On Aug 1, 2020, at 11:14 , Hank Nussbacher <hank@interall.co.il> wrote:

On 01/08/2020 00:50, Mark Tinka wrote:
On 31/Jul/20 23:38, Sabri Berisha wrote:

Kudos to Telia for admitting their mistakes, and fixing their processes.
Considering Telia's scope and "experience", that is one thing. But for
the general good of the Internet, the number of intended or
unintentional route hijacks in recent years, and all the noise that
rises on this and other lists each time we have such incidents (this
won't be the last), Telia should not have waited to be called out in
order to get this fixed.

Do we know if they are fixing this on just this customer of theirs, or
all their customers? I know this has been their filtering policy with us
(SEACOM) since 2014, as I pointed out earlier today. There has not been
a shortage of similar incidents between now and then, where the
community has consistently called for more deliberate and effective
route filtering across inter-AS arrangements.

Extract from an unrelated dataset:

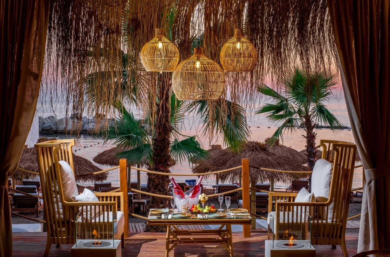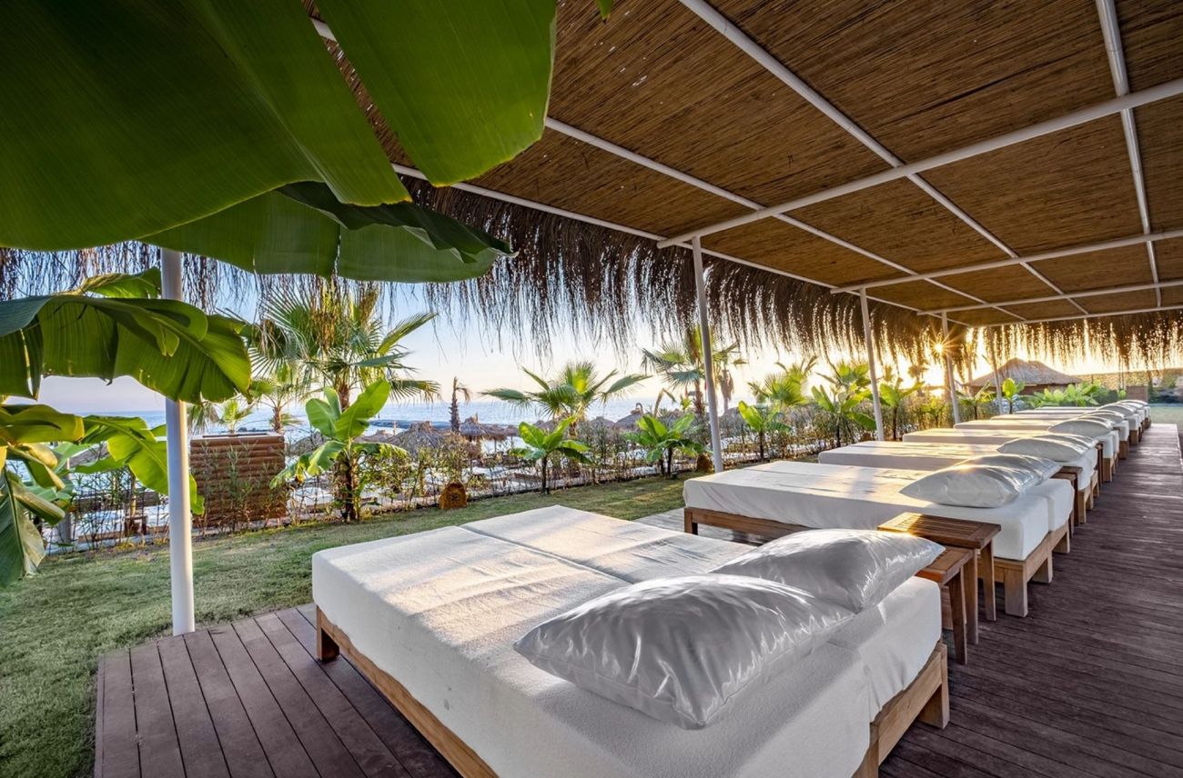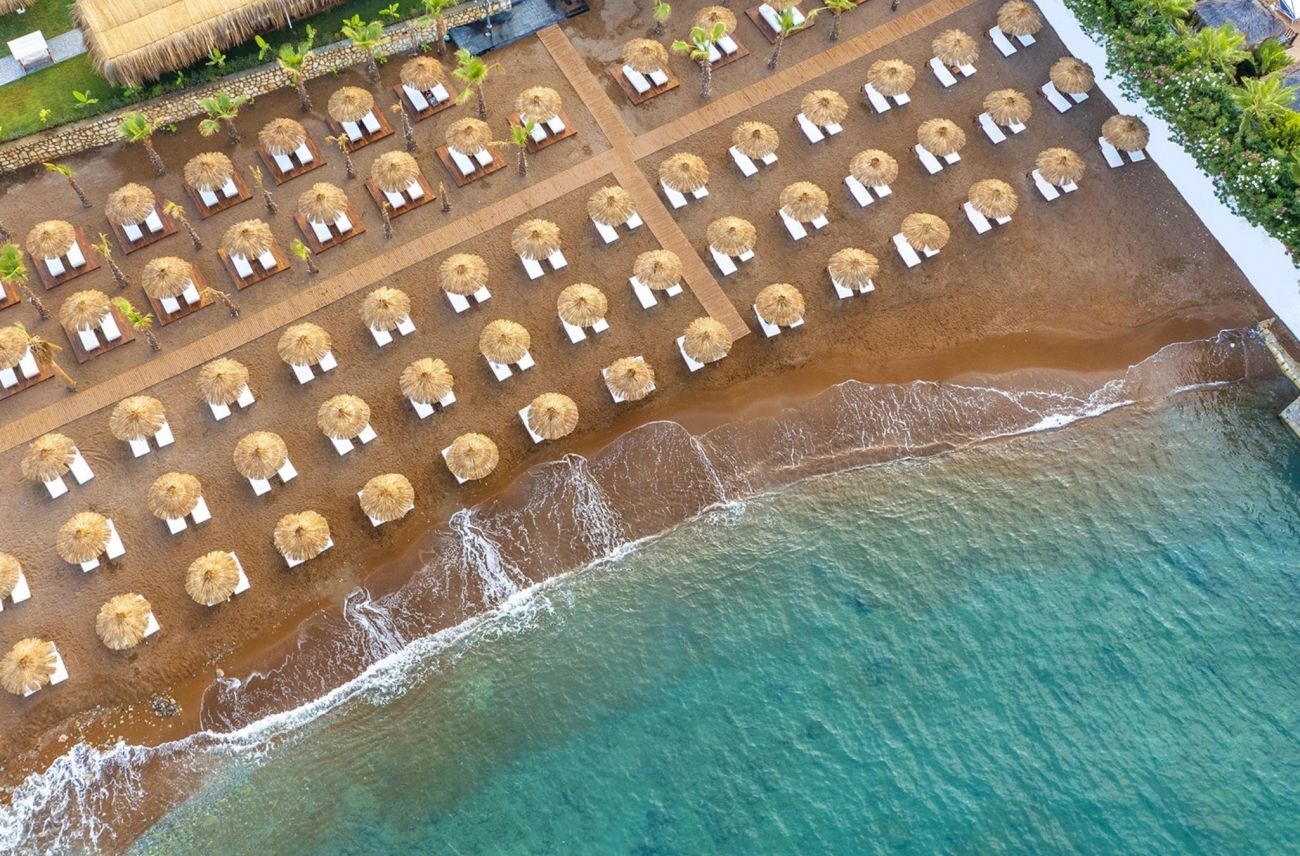 Собствен, пясъчен, притежава сертификат "Син флаг", платформа. Чадъри, шезлонги, матраци и плажни кърпи на плажа и при басейна - безплатно.

AS  level filtering is easy.  IP prefix level filtering is hard.  Especially when you are in the top 200:
https://asrank.caida.org/

IP Prefix level filtering at backbone<->backbone connections is hard (and mostly pointless).

IP Prefix level filtering at the customer edge is not that hard, no matter how large of a transit
provider you are. Customer edge filtration by Telia in this case would have prevented this
problem from spreading beyond the misconfigured ASN.

That being said, and due to these BGP "polluters" constantly doing the same thing, wouldn't an easy fix be to use the max-prefix/prefix-limit option:
https://www.cisco.com/c/en/us/support/docs/ip/border-gateway-protocol-bgp/25160-bgp-maximum-prefix.html
https://www.juniper.net/documentation/en_US/junos/topics/reference/configuration-statement/prefix-limit-edit-protocols-bgp.html

That’s a decent pair of suspenders to go with the belt of prefix filtration at the edge, but it’s no substitute.

For every BGP peer,  the ISP determines what the current max-prefix currently is.  Then add in 2% and set the max-prefix. 
An errant BGP polluter would then only have limited damage to the Internet routing table.
Not the greatest solution, but easy to implement via a one line change on every BGP peer.

To the best of my knowledge, that’s already fairly common practice. It’s usually more like 10% (2% would require way
too much active change and create churn and risk).